Clarified the name & comment. The branch part only adds a Not and Branch recipe, so not sure if it is worth splitting this off?
================
Comment at: llvm/lib/Transforms/Vectorize/VPlanTransforms.cpp:823
+ // Create the active lane mask instruction in the vplan preheader.
+ VPBasicBlock *VecPreheader =
+ cast<VPBasicBlock>(Plan.getVectorLoopRegion()->getSinglePredecessor());
----------------
ABataev wrote:
> `auto *`
Adjusted, thanks!
================
Comment at: llvm/lib/Transforms/Vectorize/VPlanTransforms.cpp:853
+ // induction variable increment by VF, we can increment the value before
+ // the get.active.lane mask and use the unmodified tripcount.
+ IncrementValue = CanonicalIVPHI->getOperand(1);
----------------
Ayal wrote:
> nit: this seems like the simpler case so should probably go first.
Reordered the blocks, thanks!
================
Comment at: llvm/lib/Transforms/Vectorize/VPlanTransforms.cpp:854
+ // the get.active.lane mask and use the unmodified tripcount.
+ IncrementValue = CanonicalIVPHI->getOperand(1);
+ TripCount = TC;
----------------
Ayal wrote:
> nit: aka CanonicalIVIncrement?
Yep, adjusted, thanks!
================
Comment at: llvm/lib/Transforms/Vectorize/VPlanTransforms.cpp:858
+
+ EB->getTerminator()->eraseFromParent();
+ auto *EntryALM = new VPInstruction(VPInstruction::ActiveLaneMask,
----------------
Ayal wrote:
> Better to erase the (BranchOnCount?) terminator next to inserting the new one which replaces it below - a BranchOnCond which effectively turns the loop into an uncountable one.
Updated to use VPBuilder to construction (and insert) recipes and moved removal down.
================
Comment at: llvm/lib/Transforms/Vectorize/VPlanTransforms.cpp:870
+ // Create the active lane mask for the next iteration of the loop.

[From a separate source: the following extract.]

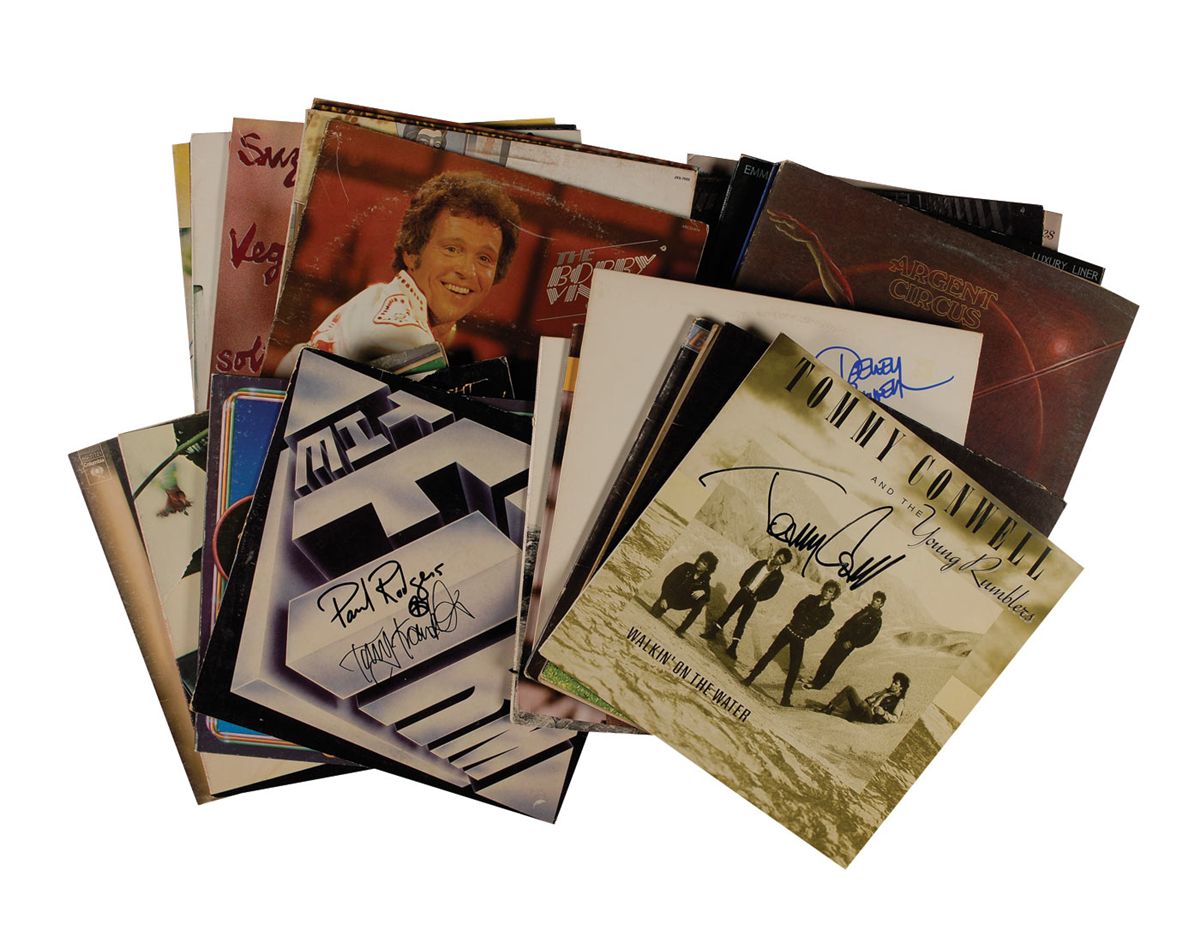 Thirty rock and roll albums, each signed on the front in ink or felt tip by the respective artists. Signers are: Dewey Bunnell and Gerry Beckley (America); Debbie Gibson; Gino Vannelli; Rod Argent; Vinnie Moore; Johnny Mathis; Rita Coolidge; Emmylou Harris; James Taylor; Lou Gramm (Foreigner); Todd Rundgren (Utopia); Nils Lofgren (Grin); Dave Cousins, Dave Lambert, and Chas Cronk (Strawbs); Peter Noone (Herman’s Hermits); Paul Rogers and Tony Franklin (The Firm); Mike Love (Beach Boys); Phil Lewis, Steve Riley, and Tracii Guns (LA Guns); Kevin Cronin, Neal Doughty, and Bruce Hall (REO Speedwagon); Anita Pointer (Pointer Sisters); Pat Boone; Al Stewart; Bobby Vinton; Dave Mason; George Benson; Billy Joel; Tommy Conwell; Crystal Gayle; Toni Tennille (Captain & Tennille); Melanie; and Suzanne Vega. In very good to fine condition, with the expected wear.

+ CanonicalIVIncrementParts =
+ new VPInstruction(VPInstruction::CanonicalIVIncrementForPart,
----------------
Ayal wrote:
> Better to use separate variables than redefine same `CanonicalIVIncrementParts` twice. As in ALM and EntryALM. Especially for something canonical...
Split up, thanks!
================
Comment at: llvm/lib/Transforms/Vectorize/VPlanTransforms.cpp:886
+
+ VPInstruction *BranchBack =
+ new VPInstruction(VPInstruction::BranchOnCond, {NotMask}, DL);
----------------
ABataev wrote:
> auto *
Now that this is using VPBuilder, there's no. need to assign the result, thanks!
================
Comment at: llvm/lib/Transforms/Vectorize/VPlanTransforms.cpp:892-893
+
+// Helper to iterate over all users of \p Start recursively and call \p Fn the
+// users. Iteration stops once \p Fn returns true.
+static void vp_for_all_users(VPUser *Start, function_ref<bool(VPUser *U)> Fn) {
----------------
Ayal wrote:
>
Adjusted, thanks!
================
Comment at: llvm/lib/Transforms/Vectorize/VPlanTransforms.cpp:894
+// users. Iteration stops once \p Fn returns true.

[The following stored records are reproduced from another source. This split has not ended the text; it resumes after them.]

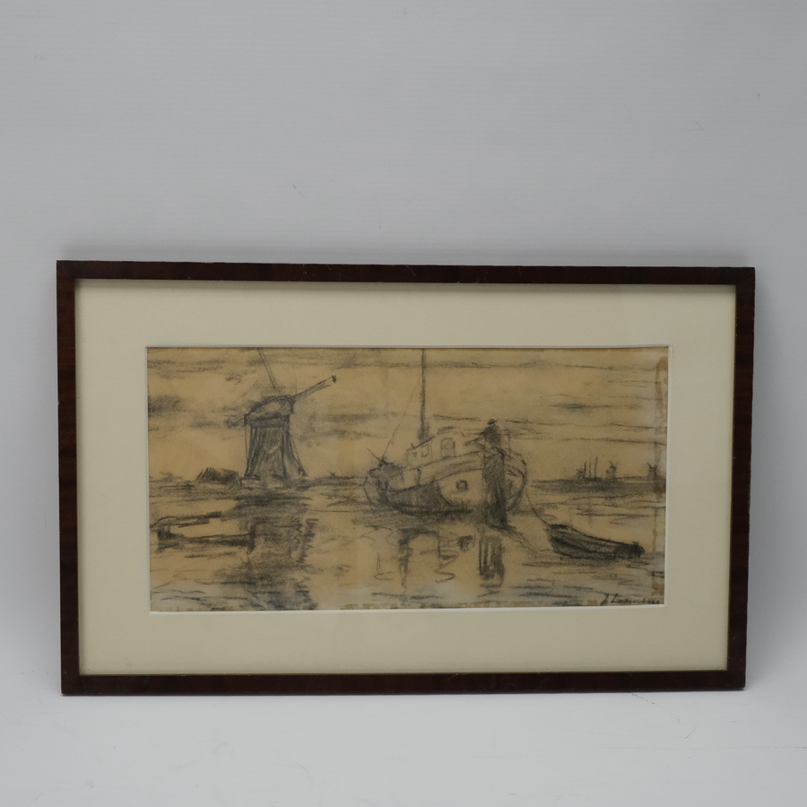 Tekening, potlood op papier. Schip bij molen. Rechtsonder gesigneerd Johannes Lussenburg (Enkhuizen 1889 – Nunspeet 1975)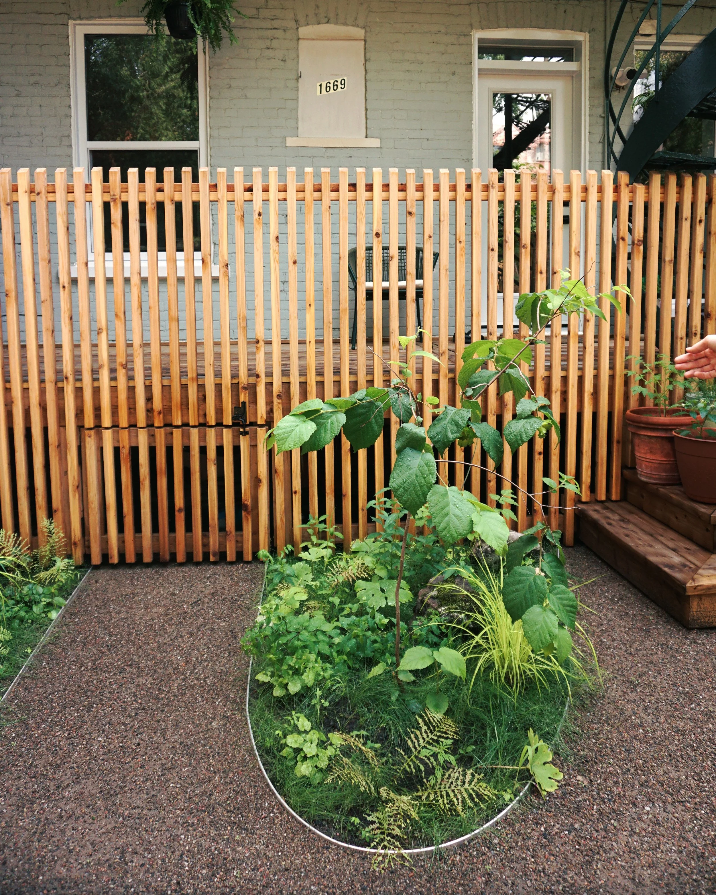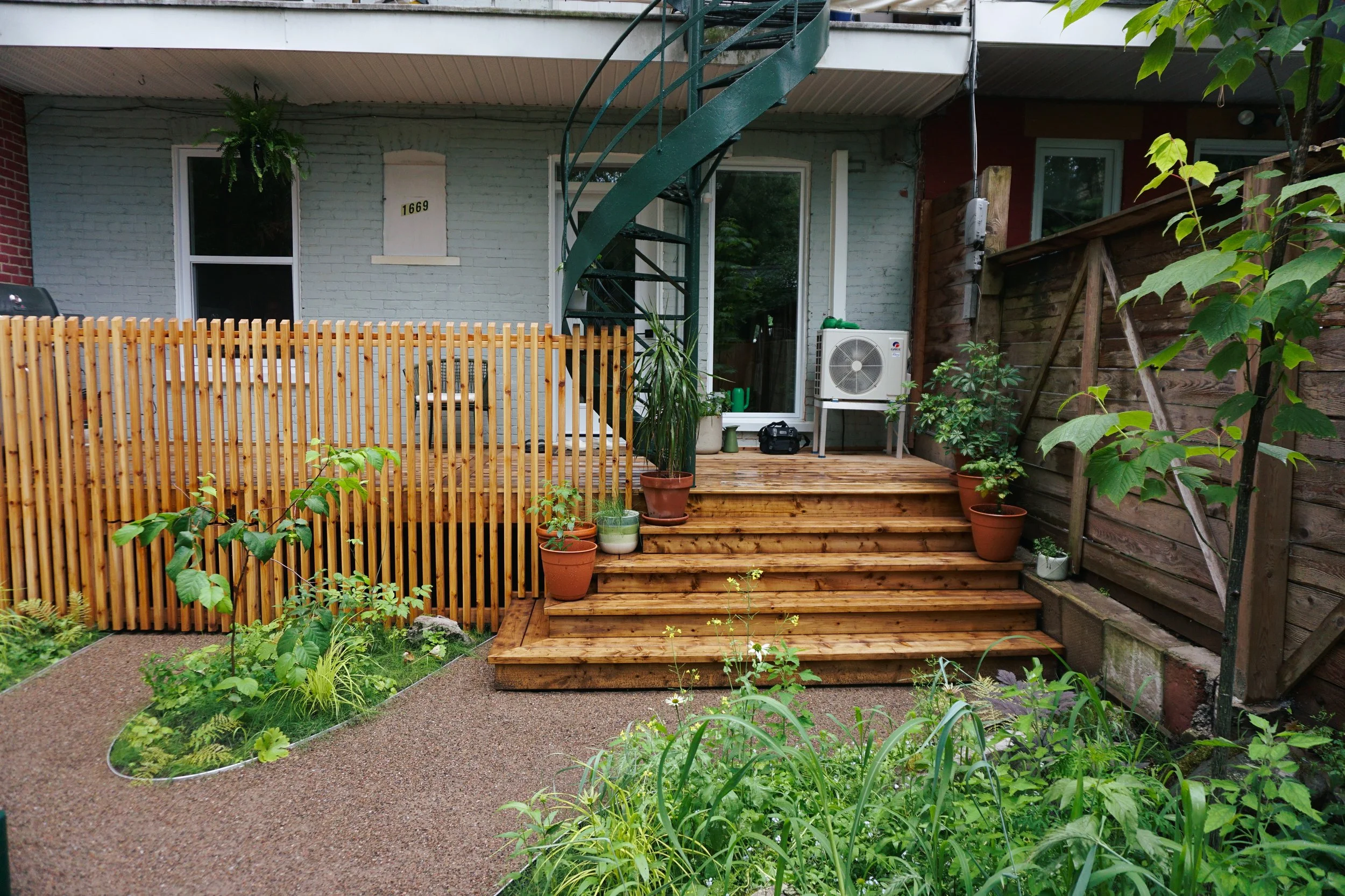 Élaboré en collaboration avec Nouveaux voisins, ce projet de jardin comprend l’aménagement d’une clôture de pruche, l’agrandissement du balcon, le travail du sol et de nivelage du terrain, l’installation de pavé et de sentiers de criblure de pierre ainsi que la création de plate-bandes pour la biodiversité.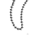 Featuring a gunmetal paperclip link chain, a series of sleek gunmetal knots coalesces around the collar for an industrially edgy statement. Features an adjustable clasp closure.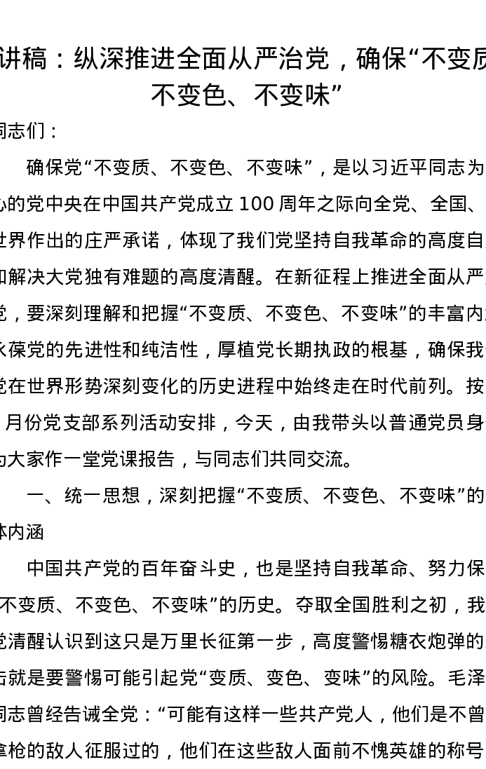 讲稿:纵深推进全面从严治党,确保“不变质、不变色、不变味”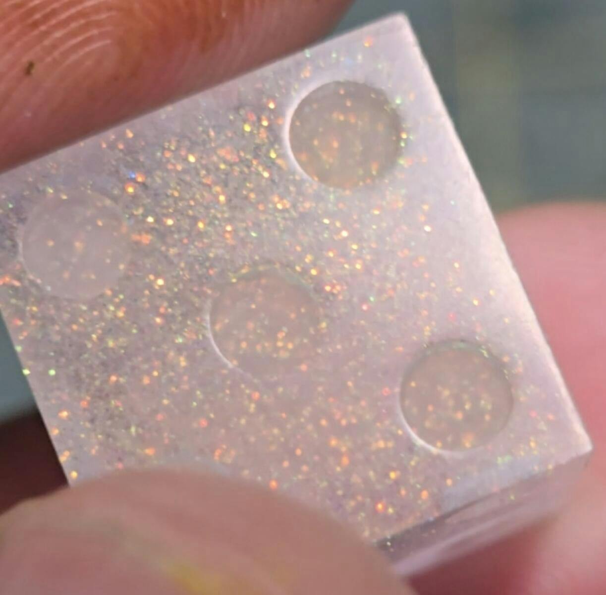 I'm a dice maker and often glitter and additives in general sink in the process unless careful countermeasures are taken. This however stayed suspended without any of those countermeasures leaving a beautiful evenlydispersed shine.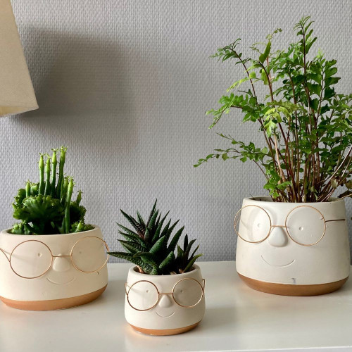 Ce joli pot de fleurs avec visage et lunettes dorées ajoute une touche ludique et élégante à votre décoration intérieure. Avec ses détails dorés et son fond doré, ce pot en terre cuite est à la fois charmant et fonctionnel, parfait pour mettre en valeur vos plantes préférées.

+static void vp_for_all_users(VPUser *Start, function_ref<bool(VPUser *U)> Fn) {
+ SmallSetVector<VPUser *, 4> Worklist;
----------------
Ayal wrote:
> Would `vp_find_if_user()` be more accurate, as in std::find_if(), returning the found VPUser* or null?
Bool return value was intended to let the callback stop iteration, but it is not needed in the current version, removed the bool return value.
================
Comment at: llvm/lib/Transforms/Vectorize/VPlanTransforms.cpp:903
+ }
+ if (Fn(U))
+ return;
----------------
Ayal wrote:
> Ayal wrote:
> > ABataev wrote:
> > > Looks like boolean result of Fn is not used, you can make it simply return void.

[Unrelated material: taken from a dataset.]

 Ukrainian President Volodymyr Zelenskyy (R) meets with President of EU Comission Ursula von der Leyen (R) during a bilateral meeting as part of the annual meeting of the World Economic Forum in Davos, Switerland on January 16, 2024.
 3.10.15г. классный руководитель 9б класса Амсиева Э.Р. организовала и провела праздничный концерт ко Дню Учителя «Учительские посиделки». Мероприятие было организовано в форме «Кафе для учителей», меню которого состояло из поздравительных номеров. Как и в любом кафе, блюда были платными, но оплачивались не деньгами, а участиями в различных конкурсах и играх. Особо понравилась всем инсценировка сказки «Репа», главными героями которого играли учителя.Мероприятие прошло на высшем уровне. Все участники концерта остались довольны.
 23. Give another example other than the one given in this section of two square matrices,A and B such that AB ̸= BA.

> > nit: check if (Fn(U)) before inserting U's users to Worklist.
> Agreed, Fn always returns false below, resulting in "for_all". Suggest to use "find_if" instead, in this case.
Boolean removed, thanks!
================
Comment at: llvm/lib/Transforms/Vectorize/VPlanTransforms.cpp:903-904
+ }
+ if (Fn(U))
+ return;
+ }
----------------
fhahn wrote:
> Ayal wrote:
> > Ayal wrote:
> > > ABataev wrote:
> > > > Looks like boolean result of Fn is not used, you can make it simply return void.
> > > nit: check if (Fn(U)) before inserting U's users to Worklist.
> > Agreed, Fn always returns false below, resulting in "for_all". Suggest to use "find_if" instead, in this case.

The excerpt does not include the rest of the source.